Possible correction scenarios

Three catalysts could initiate market deflation:

  1. Declining profitability If AI services fail to monetize to the level of investment.
  2. Energy - delays in connection with connection, increased electricity costs, environmental constraints.
  3. Sustained increase in interest rates : more severe updating of future cash flows and contraction of valuations.

A "soft landing" is still possible, but a sudden slowing of the capex or a collapse of a major actor could act as a trigger.

A bubble of anticipation, not pure speculation

Artificial intelligence is not a bubble without substance.

It is the vehicle for a profound transformation of work, production, marketing and research.

But the market anticipated too fast the economic benefits of a technology to be integrated years.

What we are experiencing is not an empty bubble, but an empty bubble. Anticipation bubble : the gap between the potential for disruption and its actual profitability.
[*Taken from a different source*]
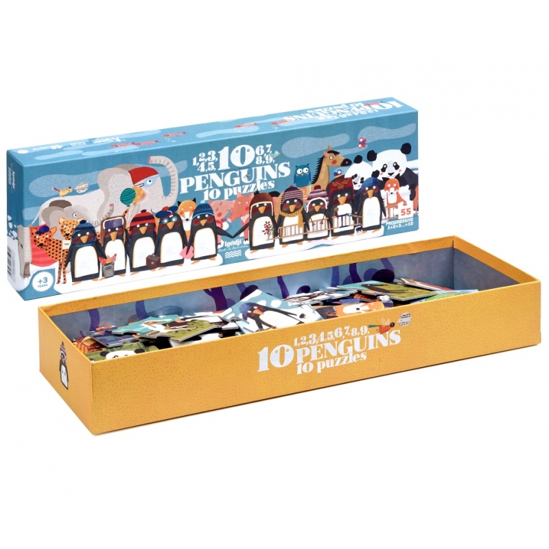 Puzzle Londji 10 Pingwinów to propozycja dla malucha, który fascynuje się liczeniem. Zestaw zawiera 55 elementów – można z nich ułożyć 10 obrazków przedstawiających różne zwierzęta. Na każdym z nich jest inna liczba: 1 sowa, 2 krokodyle, 3 świnki … aż wreszcie 10 pingwinów.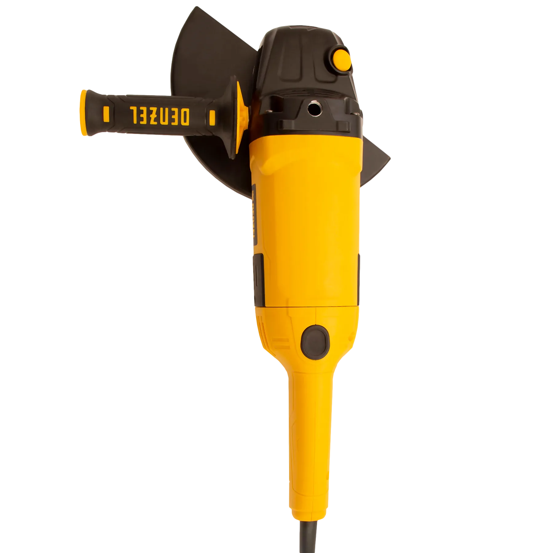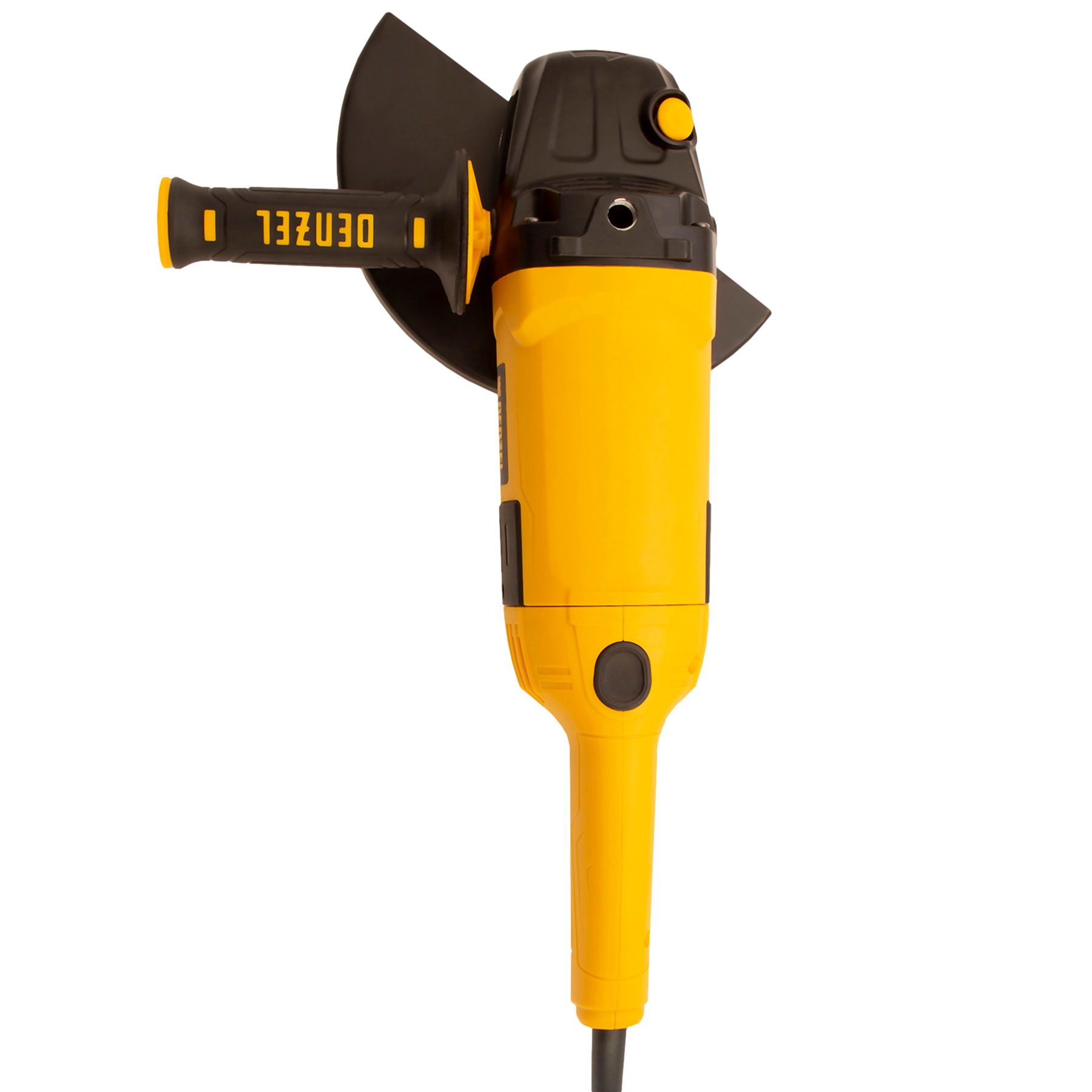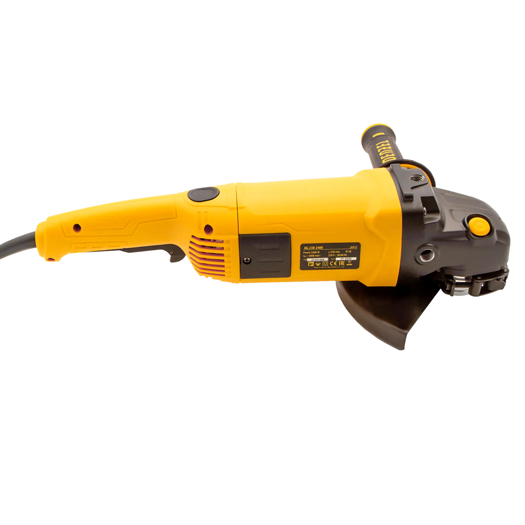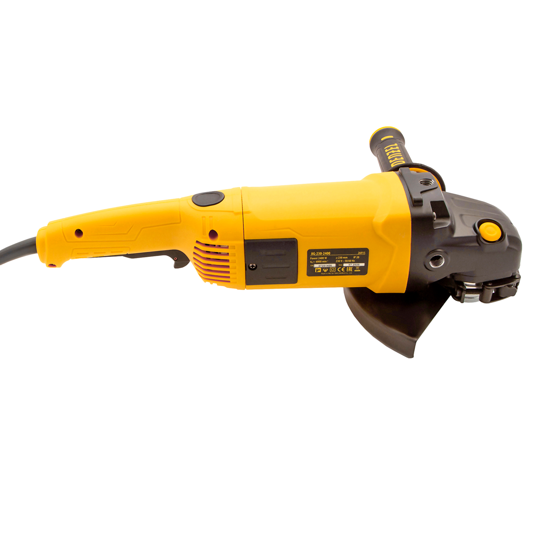 Угловая шлифовальная машина Denzel AG230-2400 26915 мощностью 2400 Вт совместима с насадками максимальным диаметром 230 мм, поддерживает частоту вращения шпинделя 6000 об/мин, благодаря чему эффективно справляется с обработкой и зачисткой поверхностей, а также резкой, шлифовкой металла толщиной до 80 мм и камня. Пригодится дома, в гараже и на даче.

It will not necessarily collapse as in 2000, but will slowly deflate As actors distinguish the useful tool from the expensive gadget.

The economic reason for technological enthusiasm

The financial history shows that each major innovation (railway, electricity, Internet) has first generated a speculative euphoria phase.

Artificial intelligence will not escape. His promise is immense; its profitability, still uncertain.

Innovation is never immune to speculation.

The cycles of euphoria and disillusionment are the natural breath of capitalism.

For investors, auditors and managers, caution now requires tangible indicators : cash flows, return on investment, energy efficiency, data center occupancy rates.

Because beyond the technological glamour, the true value of the AI will be measured not at the speed of the advertisements, but at the profitability of the uses.